Clinton is another manifestation of this historical crisis of American democracy. Following the capitulation of Bernie Sanders, whose self-proclaimed “political revolution” has found its culmination in support for a Wall Street bagwoman, Clinton has turned sharply to the right, appealing to billionaires, Republican reactionaries, and “retired” generals and spies to unite behind her campaign, while letting it be known that she will accelerate the drive to war in the Middle East, Eastern Europe and the Far East.
The breakdown of basic bourgeois-democratic norms is evident in every aspect of the two-party presidential campaign. The two camps speak the language of civil war, denouncing each other in terms which effectively deny the legitimacy of the other party.
Trump and his top aides have begun denouncing the election as “rigged,” 90 days before votes are cast, while threatening a “bloodbath” on a Clinton inauguration day. At the same time, former national security officials warn of a “crisis in civil-military relations” in the event of a Trump victory. In other words, they are preparing in advance the justification for a preventive military coup.
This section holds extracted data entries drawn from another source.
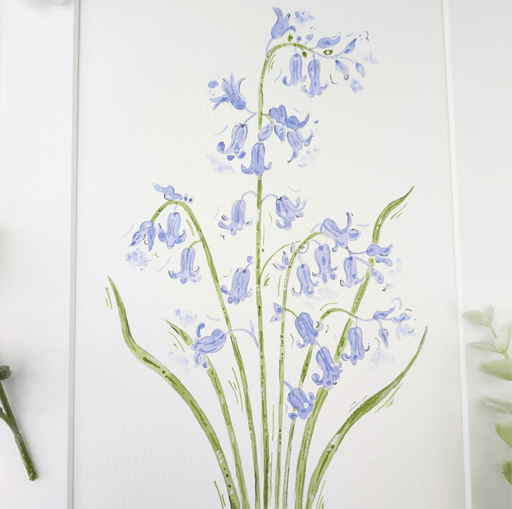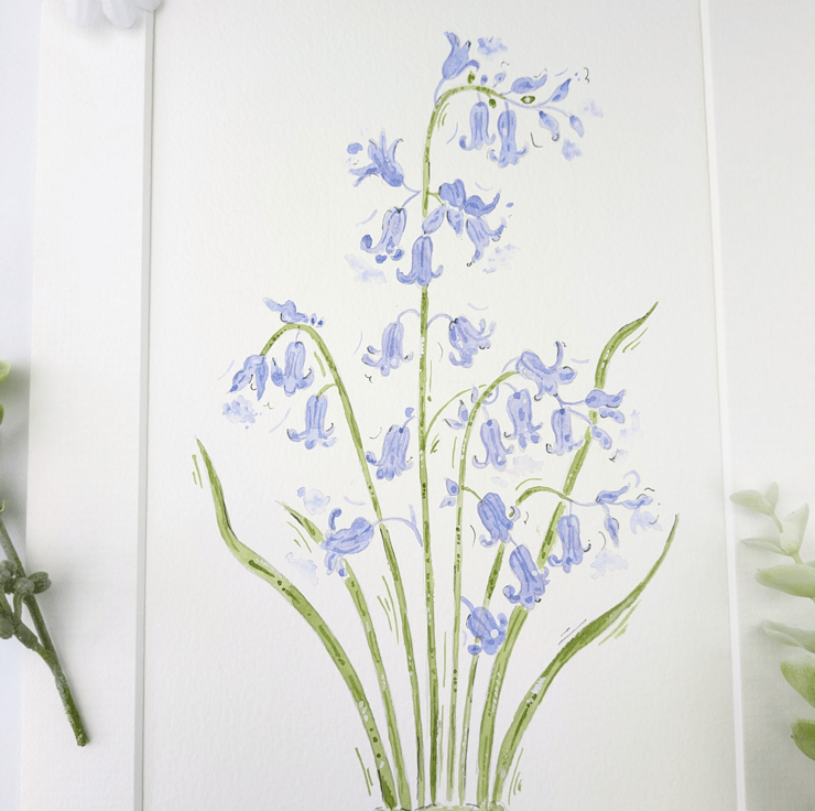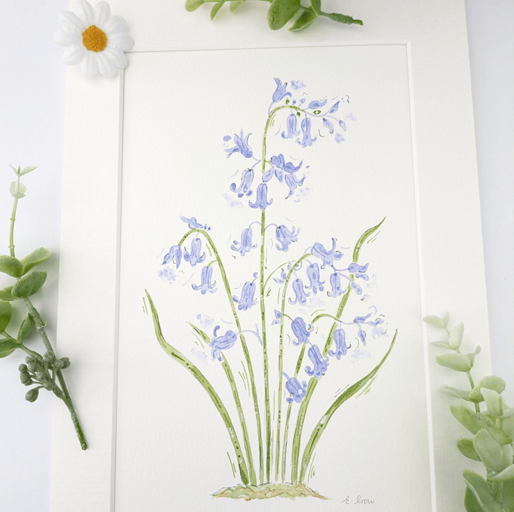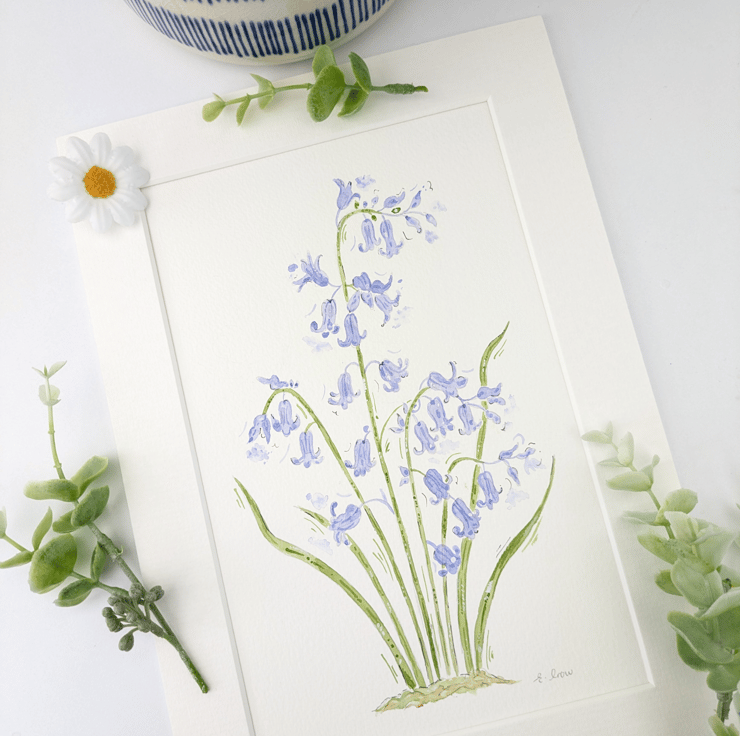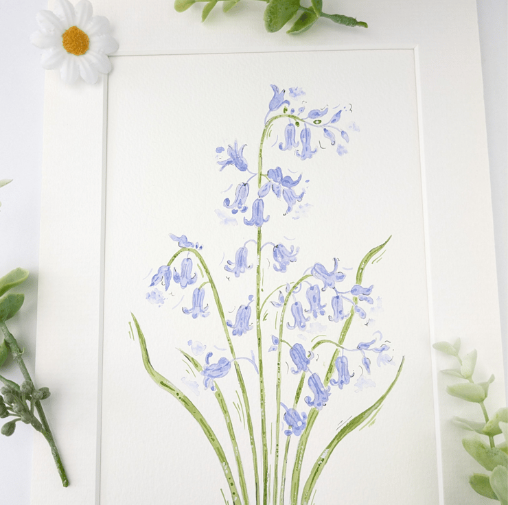 A beautiful hand-painted bluebell original watercolour painting (not a print). Painted in artist's watercolours on 140lb textured watercolour paper. Mounted in a A4 size white textured mount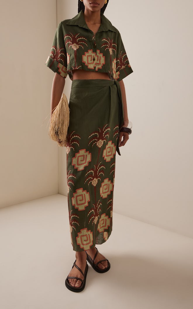 And Colombian-based Carolina K offers vacay-ready linen styles with hand-appliqué detailing. "We’ve been making wrap skirts for quite some time now, and they continue to be one of our clients’ favorite pieces,” explains Carolina Kleinman, founder and creative director of Carolina K. “We love their versatility, some can double as pareos or even beach towels, while others can be elevated with a crisp shirt and flats, heels or barefoot for a dinner by the water or al fresco. Comfortable, timeless, and effortlessly chic, the wrap skirt is a classic silhouette that never goes out of style."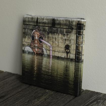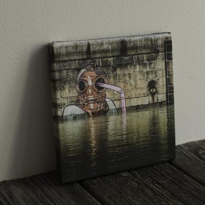 Fotodruck auf Leinwand. Aufgezogen auf 12 mm Sperrholz. Aufgenommen in 1020 Wien. Größe: 15 x 15 cm Loch auf der Rückseite zum Aufhängen an einem Nagel
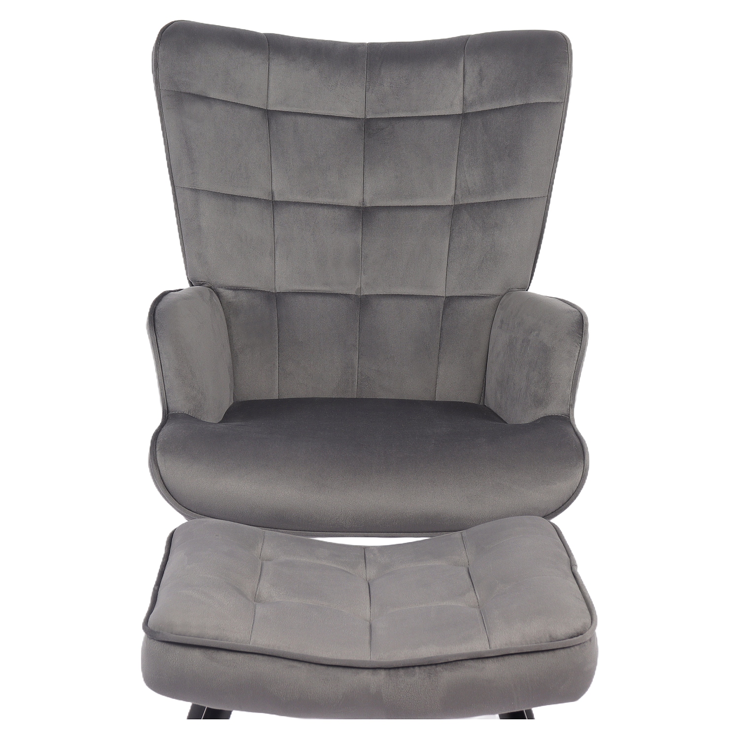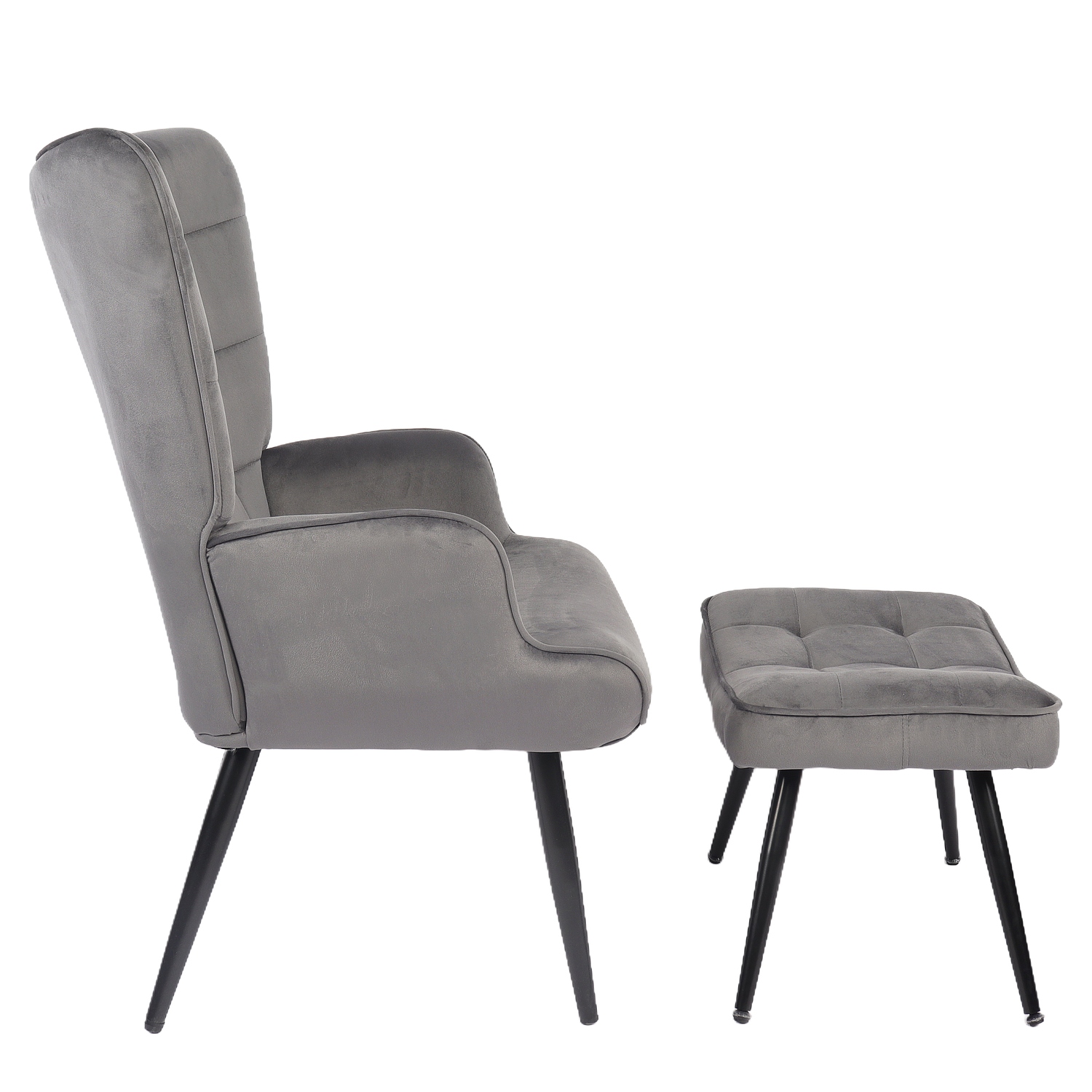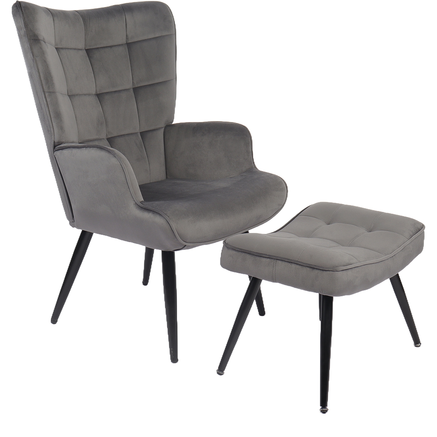 Πολυθρόνα Μπερζέρα Με Υποπόδιο LENNOX Γκρι Βελούδο/Ξύλο 96x68x73cm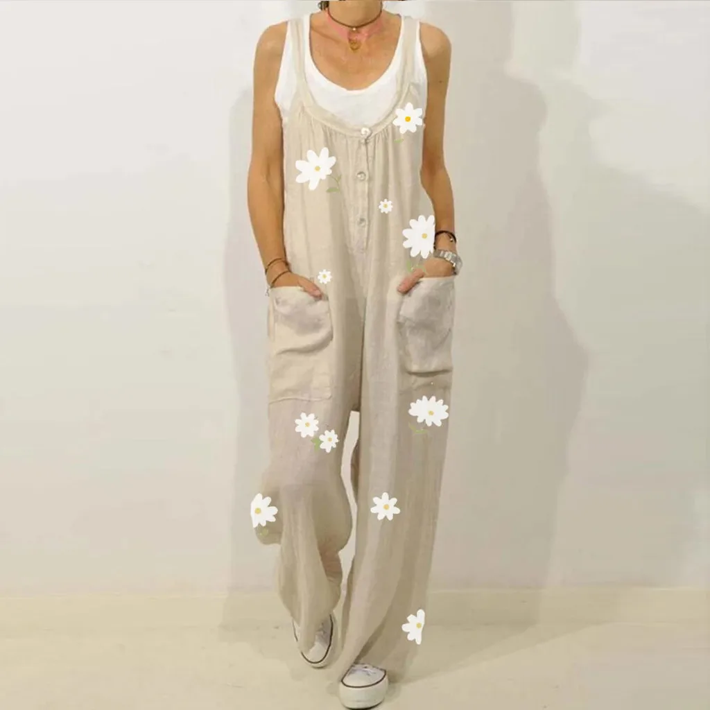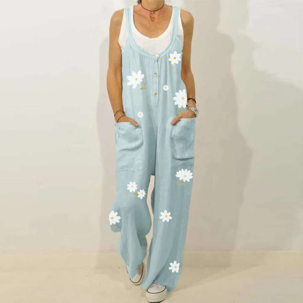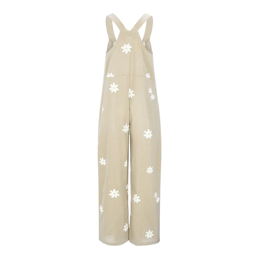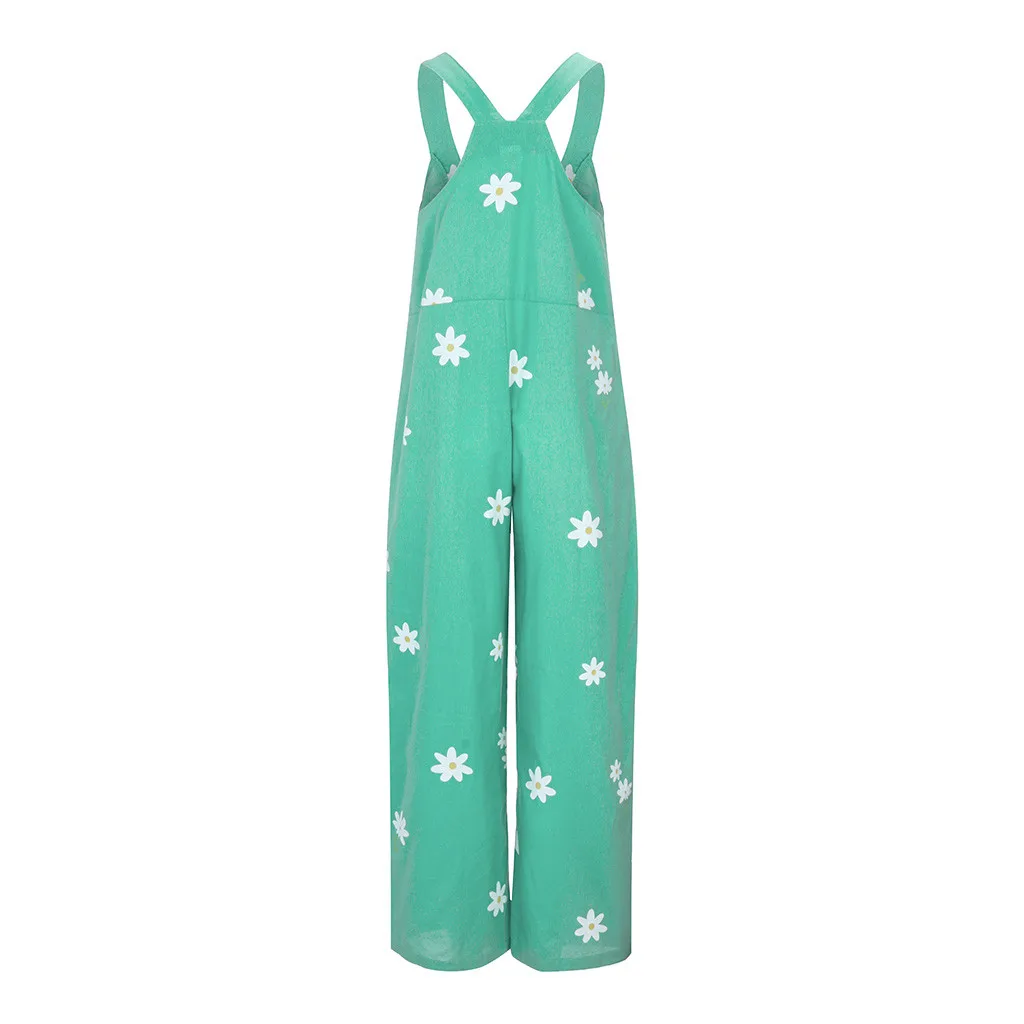 Женский хлопковый комбинезон с цветочным принтом, элегантный Свободный комбинезон на пуговицах с открытой спиной и карманами, модель #616 на лето 2020

The savage infighting within the ruling elite is the hallmark of an historic political crisis, in which the working class must not align itself with either of the right-wing factions. Neither the fascistic Trump nor the militarist Clinton offers a way forward to defend the interests of working people: jobs, decent living standards, democratic rights and an end to imperialist wars.
The central issue in the 2016 campaign is the struggle for the political independence of the working class from the reactionary filth of capitalist politics. This requires a break from the two-party system and a political struggle against capitalism. This is the focus of the presidential campaign of the Socialist Equality Party and our candidates, Jerry White for President and Niles Niemuth for Vice President.
Whatever the outcome of the 2016 elections, whether President Hillary Clinton, as now seems more likely, or President Trump, or some unexpected alternative representative of the US ruling class, the next government in Washington will be the most reactionary in US history.
The decisive question is the preparation of a political movement of workers and youth, which clearly understands the need to oppose the new administration from the very beginning, to intensify the class struggle against corporate America and its political defenders, both the two major parties, Democrats and Republicans, and political satellites like the Libertarians and Greens.
Everything depends on the building of the independent, revolutionary socialist party of the working class: the Socialist Equality Party. We call on all readers of the World Socialist Web Site to support and build this campaign and to join the SEP.